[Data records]
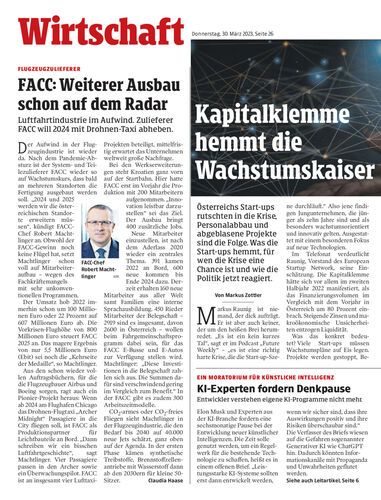 Luftfahrtindustrie im Aufwind. Zulieferer FACC will 2024 mit Drohnen-Taxi abheben.
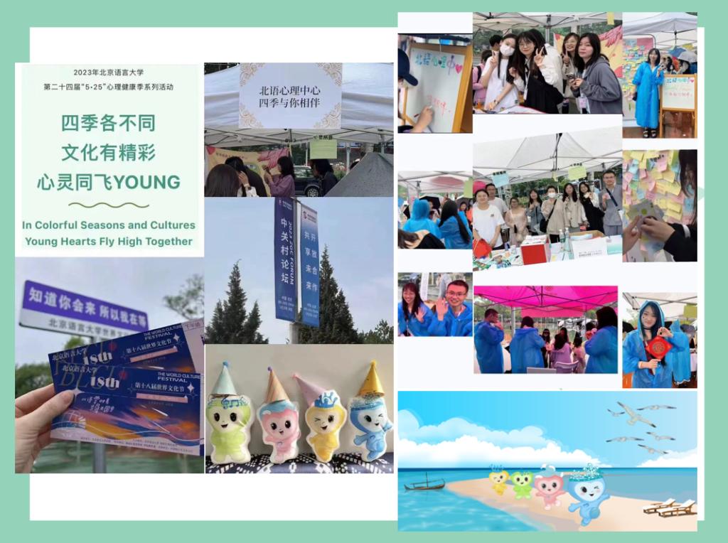 5月27日,北京语言大学第十八届世界文化节隆重举行,“北语零时差·步履无国界”,各国青年齐聚北语,全球文化美美与共。春夏之际,恰逢北京语言大学第二十四届“5·25”心理健康季,心理中心携“四季文化”主题活动与心理健康文化吉祥物“派大心”参加世界文化节。这是心理中心自2019年在世界文化节推出“多元文化·多彩心理”主题活动后,时隔三年再次与同学们在北语校园相会,也是我校心理健康文化吉祥物“派大心”的四季形象“小跃”、“小荷”、“小满”和“小朗”首次集体亮相。
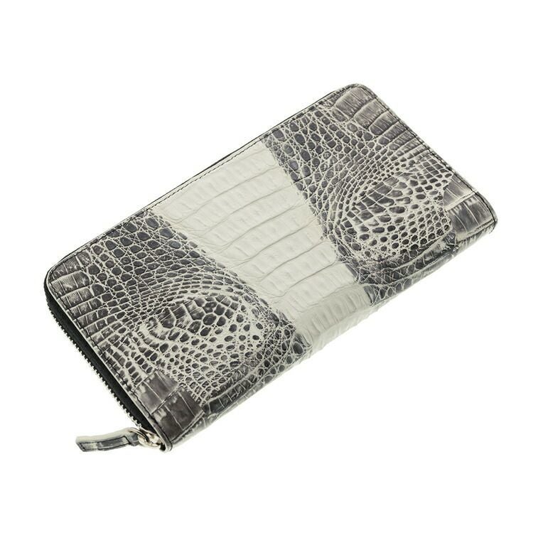 隆起した革が迫力のある表情の鰐革、カイマンを使用した長財布。
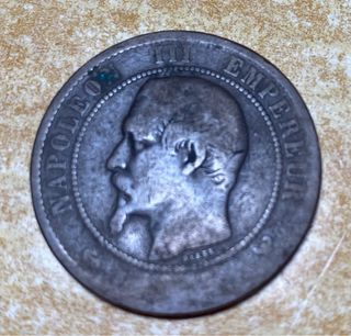 Moneda conmemorativa francesa. - Diseño de Napoleón III. - Inscripción NAPOLEON III EMPEREUR.
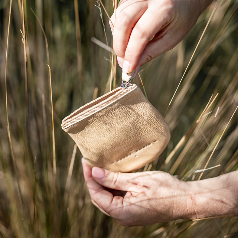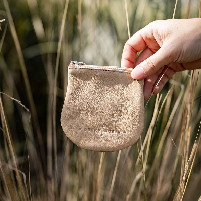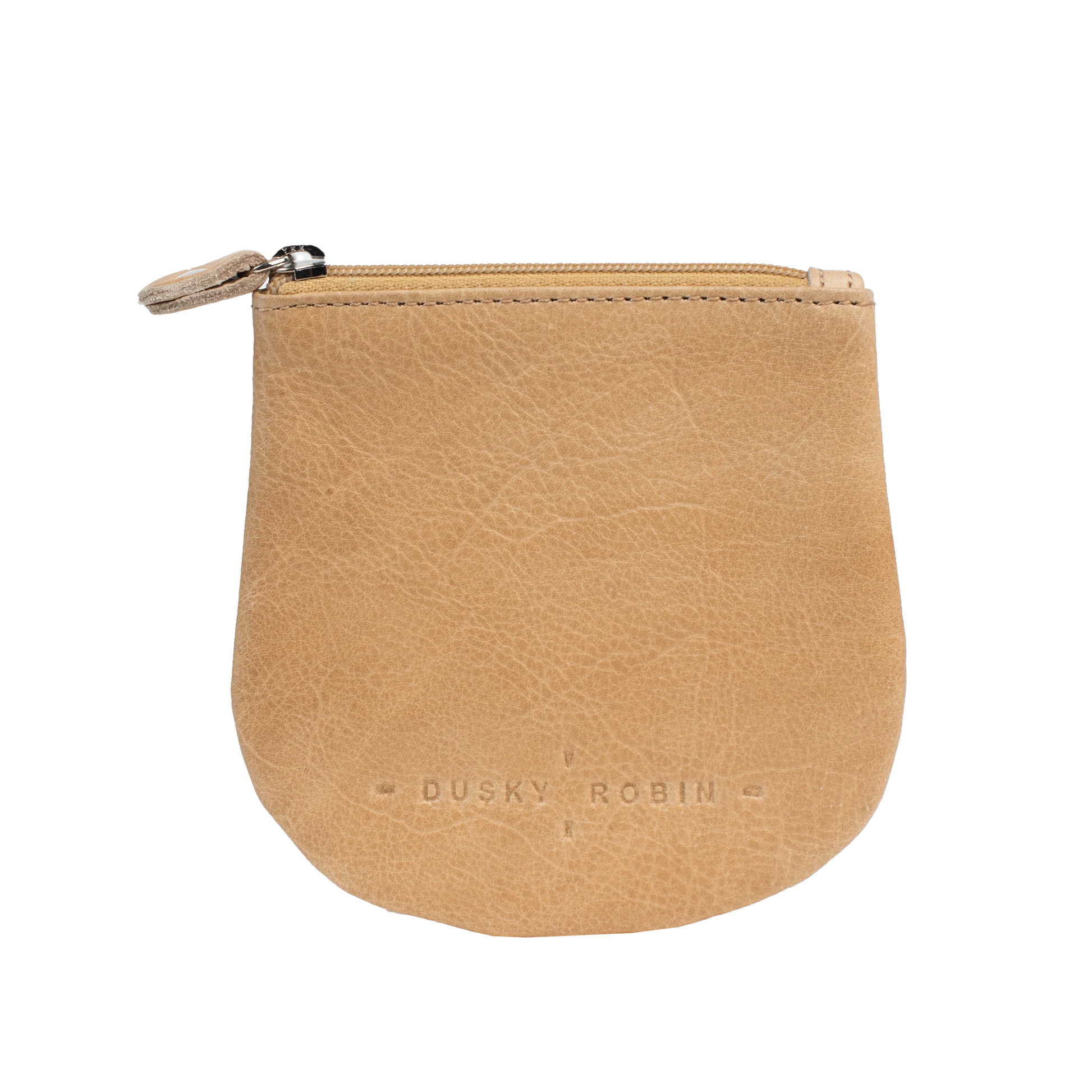 The Lilly Coin Purse is made of super soft leather. It has a zip closure at the top with curved detail at the bottom. There is space for a few cards, coins and folded notes.
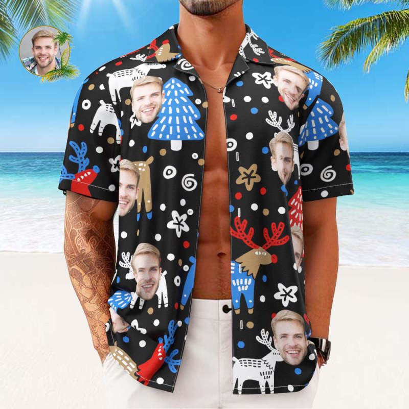 Home / Custom Face Hawaiian Shirts Personalised Photo Gift Men's Christmas Shirts Christmas Reindeer
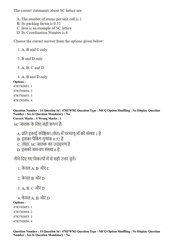 The correct statements about SC lattice are:
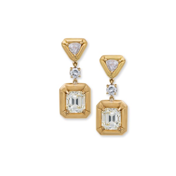 -Diamonds: rectangular-shaped on average K to M and M+ colour, VVS to VS clarity. One diamond with an inclusion visible under the crown, close to the girdle; the remaining diamonds G to H colour, VS clarity. Colour has been gauged as far as the yellow mounting permits.
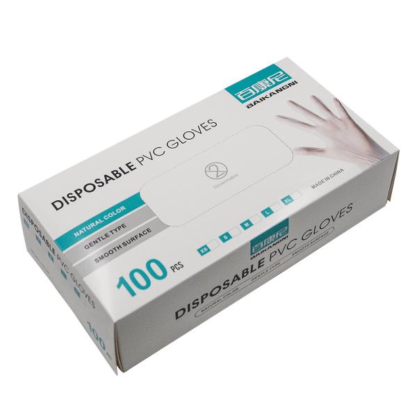 Disposable PVC gloves, powder free, 100 pieces in durable box for civil use
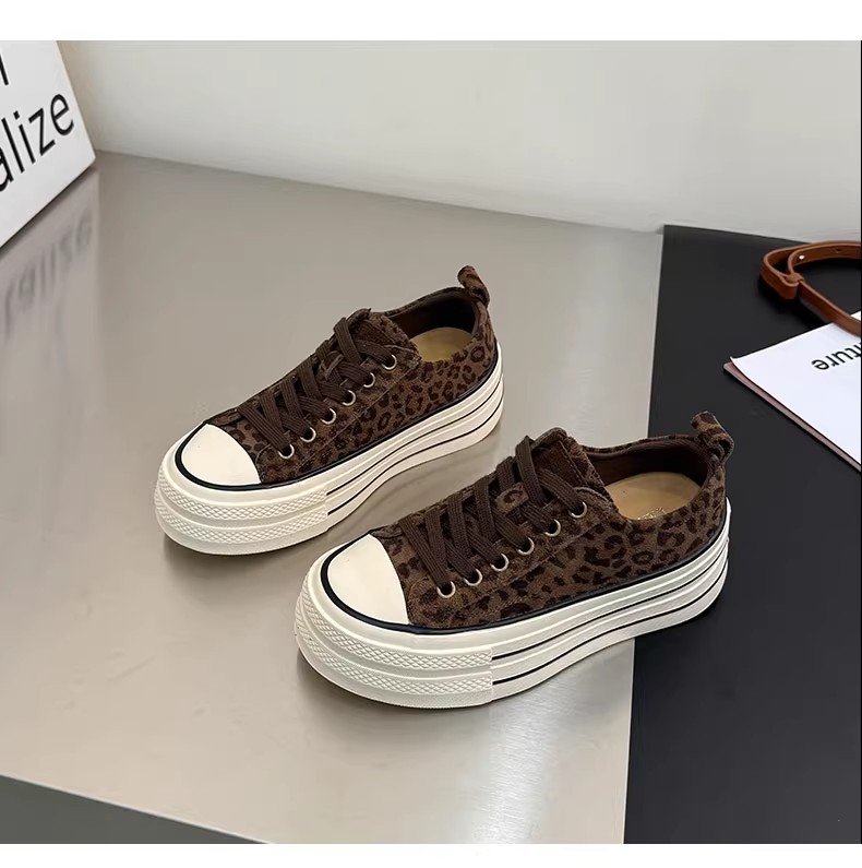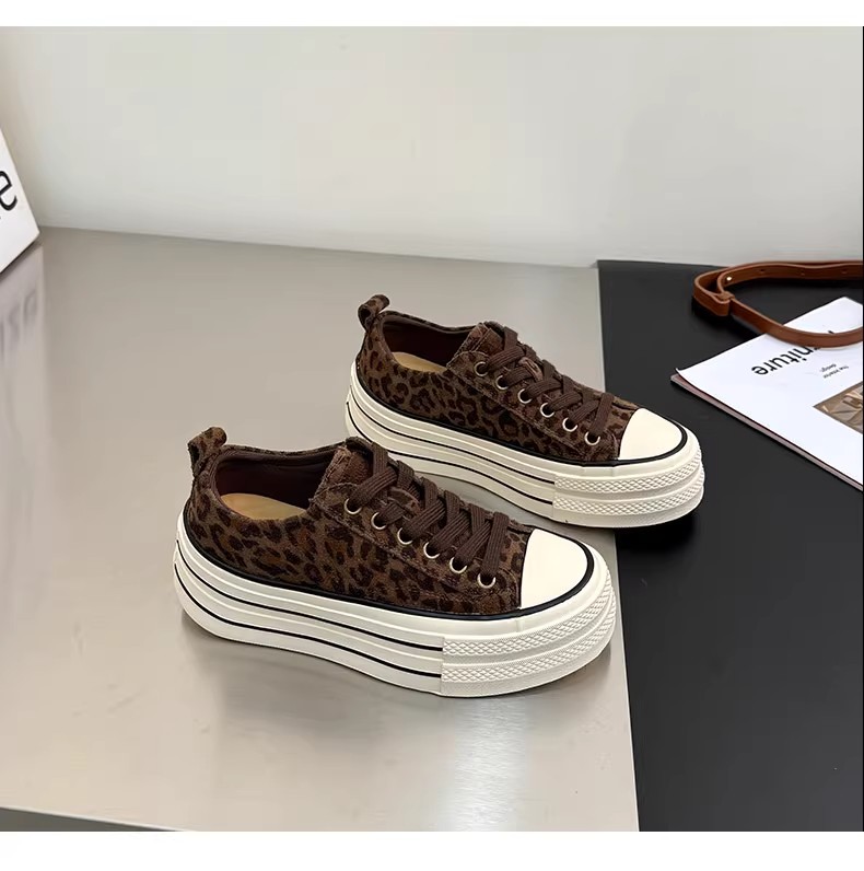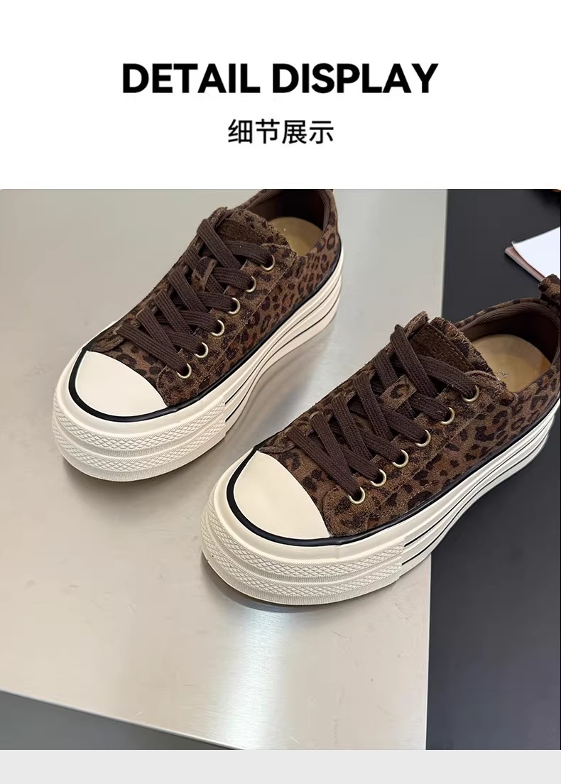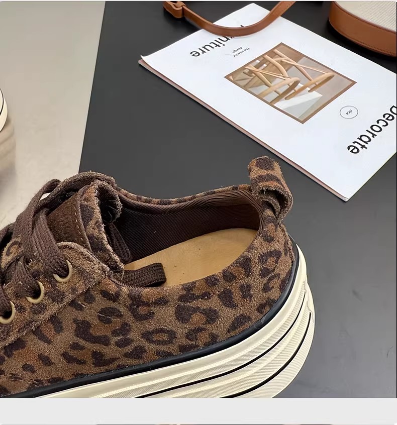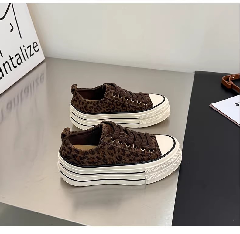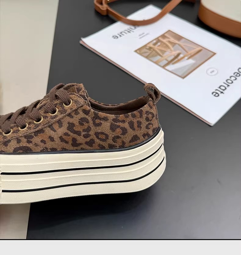 Hong Kong Leopard Print Nubuck Leather Sneakers for Women 2025 Spring and Autumn New Thick-Soled Height-Increasing Canvas Shoes Versatile Sports Casual Shoes
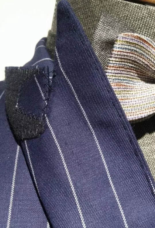 工藝分幾個(gè)級(jí)別,粘合襯、半麻襯、全麻襯。是否是手工鎖眼;是否對(duì)格對(duì)條;是否手工納駁頭(西裝領(lǐng))。
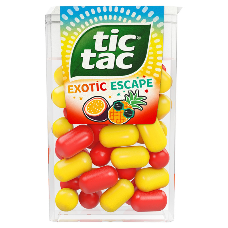 Tic Tac® Exotic Escape to wariant łączący smak ananasa i marakui. Dobrze sprawdza się w chwili przerwy: jest lekki i przyjemnie odświeżający.
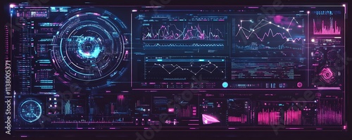 © Akash, Fototapeta premium Futuristic digital interface with graphs and network lines
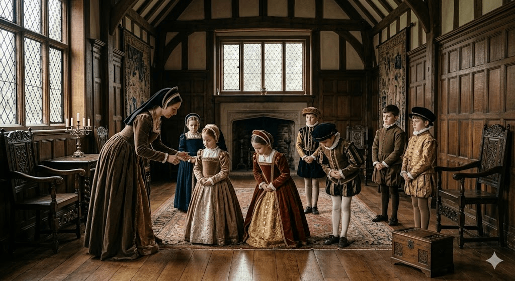 Good manners were highly valued in Tudor England. Noble children learned how to bow, dance, and speak politely, often practising in great halls or gardens. They were taught to show respect to elders and to move with grace, as every gesture reflected their family’s honour. In simpler homes, children learned kindness, honesty, and hard work – lessons that mattered just as much. Whether in a palace or a cottage, manners shaped how a young Tudor found their place in the world.
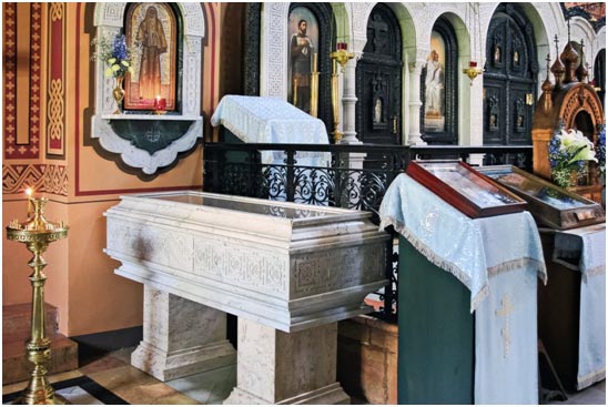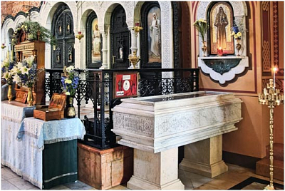 Хранятся в отдельных раках по обе стороны солеи. Первоначально, после перенесения из Китая, тела были погребены в крипте церкви в соответствии с волей великой княгини. После прославления Русской православной Церковью заграницей в лике святых 1 мая 1982 года, в день празднования Недели святых жен-мироносиц, их мощи были перенесены из крипты в храм.
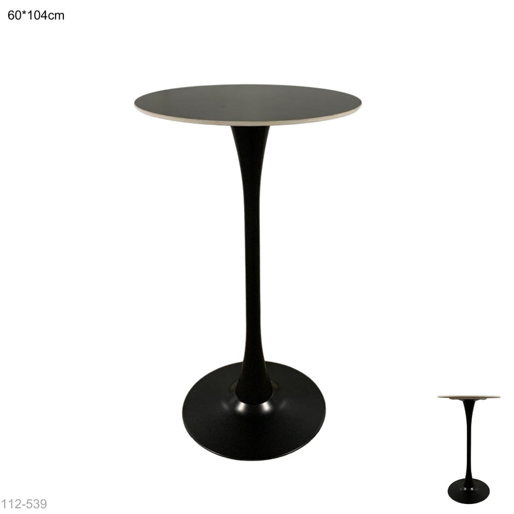 Mesa alta redonda con diseño moderno y elegante. Su base metálica tipo pedestal aporta estabilidad, mientras que el tablero de acabado mármol en color negro le da un estilo sofisticado y versátil. Ideal para bares, terrazas, restaurantes o eventos.
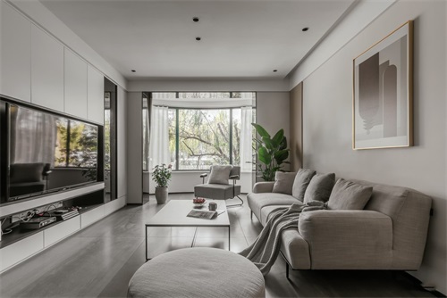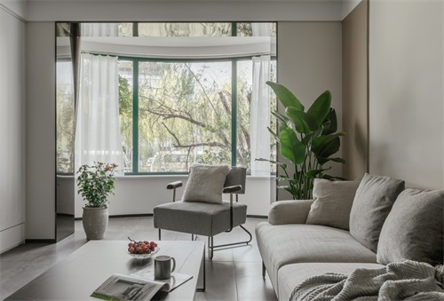 淺色系的沙發(fā)和同款椅凳設(shè)計,客廳的陽臺是一個弧形設(shè)計,設(shè)計師根據(jù)框架打造玻璃窗給室內(nèi)的光線提供充足溫暖陽光。

■ **WORK ORDER**: Exact copy, no pictures: please print the data above once more.

■ **TASK OUTPUT**:
 Luftfahrtindustrie im Aufwind. Zulieferer FACC will 2024 mit Drohnen-Taxi abheben.
 5月27日,北京语言大学第十八届世界文化节隆重举行,“北语零时差·步履无国界”,各国青年齐聚北语,全球文化美美与共。春夏之际,恰逢北京语言大学第二十四届“5·25”心理健康季,心理中心携“四季文化”主题活动与心理健康文化吉祥物“派大心”参加世界文化节。这是心理中心自2019年在世界文化节推出“多元文化·多彩心理”主题活动后,时隔三年再次与同学们在北语校园相会,也是我校心理健康文化吉祥物“派大心”的四季形象“小跃”、“小荷”、“小满”和“小朗”首次集体亮相。
 隆起した革が迫力のある表情の鰐革、カイマンを使用した長財布。
 Moneda conmemorativa francesa. - Diseño de Napoleón III. - Inscripción NAPOLEON III EMPEREUR.
 The Lilly Coin Purse is made of super soft leather. It has a zip closure at the top with curved detail at the bottom. There is space for a few cards, coins and folded notes.
 Home / Custom Face Hawaiian Shirts Personalised Photo Gift Men's Christmas Shirts Christmas Reindeer
 The correct statements about SC lattice are:
 -Diamonds: rectangular-shaped on average K to M and M+ colour, VVS to VS clarity. One diamond with an inclusion visible under the crown, close to the girdle; the remaining diamonds G to H colour, VS clarity. Colour has been gauged as far as the yellow mounting permits.
 Disposable PVC gloves, powder free, 100 pieces in durable box for civil use
 Hong Kong Leopard Print Nubuck Leather Sneakers for Women 2025 Spring and Autumn New Thick-Soled Height-Increasing Canvas Shoes Versatile Sports Casual Shoes
 工藝分幾個(gè)級(jí)別,粘合襯、半麻襯、全麻襯。是否是手工鎖眼;是否對(duì)格對(duì)條;是否手工納駁頭(西裝領(lǐng))。
 Tic Tac® Exotic Escape to wariant łączący smak ananasa i marakui. Dobrze sprawdza się w chwili przerwy: jest lekki i przyjemnie odświeżający.
 © Akash, Fototapeta premium Futuristic digital interface with graphs and network lines
 Good manners were highly valued in Tudor England. Noble children learned how to bow, dance, and speak politely, often practising in great halls or gardens. They were taught to show respect to elders and to move with grace, as every gesture reflected their family’s honour. In simpler homes, children learned kindness, honesty, and hard work – lessons that mattered just as much. Whether in a palace or a cottage, manners shaped how a young Tudor found their place in the world.
 Хранятся в отдельных раках по обе стороны солеи. Первоначально, после перенесения из Китая, тела были погребены в крипте церкви в соответствии с волей великой княгини. После прославления Русской православной Церковью заграницей в лике святых 1 мая 1982 года, в день празднования Недели святых жен-мироносиц, их мощи были перенесены из крипты в храм.
 Mesa alta redonda con diseño moderno y elegante. Su base metálica tipo pedestal aporta estabilidad, mientras que el tablero de acabado mármol en color negro le da un estilo sofisticado y versátil. Ideal para bares, terrazas, restaurantes o eventos.
 淺色系的沙發(fā)和同款椅凳設(shè)計,客廳的陽臺是一個弧形設(shè)計,設(shè)計師根據(jù)框架打造玻璃窗給室內(nèi)的光線提供充足溫暖陽光。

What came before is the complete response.